What should I do if my physician has a complete and unwavering opposition to medical marijuana?
Although more doctors are open to the use of medical marijuana by 420id in Missouri, not all doctors believe that cannabis is a viable option for medical purposes. Some doctors may remain skeptical, but they'll need more evidence or believe cannabis has more efficacy than other drugs for certain conditions. Some doctors may have been raised in an era where cannabis was considered "bad" and aren't likely to change their mind. This can be discussed by your family doctor.
1. You can ask them about medical cannabis.
If you haven't yet spoken to your doctor about medical marijuana, it's an an excellent way to find out what their opinions are on this topic. People who are sceptical or apathetic about medical cannabis might be trying to discourage people from using the drug. You might also find them uninformed or lack of knowledge about the subject. Even though they are doctors, it doesn't mean that they aren't prone to blind spots or irrational reasons for medical marijuana.
It's likely that your doctor might discuss medical marijuana for you, If they're open to it. Also, if they haven't gone beyond the curriculum they were taught in medical school, they might be willing to discuss the Endocannabinoid System (ECS) to you. This is a good indicator!
2. Inform your doctor whether your current medication is having a negative effect or has no impact.

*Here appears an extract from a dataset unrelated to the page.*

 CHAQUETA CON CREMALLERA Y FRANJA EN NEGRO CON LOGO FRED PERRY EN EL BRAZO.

Are you a consumer of opioids prescribed by a doctor? Do you use sedatives? Perhaps a strong anti-inflammatory medication (e.g., Flurbiprofen, steroids in high doses, or Ibuprofen) might be effective. Do these medicines have minimal or no effect or worsening your symptoms? If you feel one of these drugs is producing little or no impact on your symptoms, or making your symptoms worse, consult your doctor. They may be more tolerant to the use of medical marijuana. Cannabis is more secure than opioids and sedatives and it's also less addictive.

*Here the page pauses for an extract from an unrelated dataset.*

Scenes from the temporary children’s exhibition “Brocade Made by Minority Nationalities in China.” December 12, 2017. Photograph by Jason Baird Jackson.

3. Some doctors are skeptical of medical marijuana
Many doctors are not convinced that cannabis is a viable option to treat a patient unless they have conducted numerous clinical trials. There is not enough evidence to support cannabis' use for different conditions. However there are numerous medical benefits, like chronic inflammation and autoimmune disorders.
If your primary physician isn't convinced or unable to reconsider, it might be worth seeking alternative medical advice. This will enable you to obtain medical treatments that you are interested in. Your doctor isn't the only person who can help you.
4. Find out about federal laws regarding medical marijuana
Some doctors are afraid to recommend medical marijuana since it's a federally prohibited drug. They could lose their licenses, and be arrested if they suggest medical marijuana.
While this is understandable we urge you to investigate the laws in your state. There are many states with medical marijuana programs that are operational. The program allows doctors to prescribe cannabis for a variety of (usually) qualified conditions. Check with your doctor to see whether your state permits patients with your condition to access medical marijuana treatment.
5. They're strictly a family physician - look elsewhere
Certain doctors might not permit medical marijuana to be used in their practice to preserve their reputation in the community.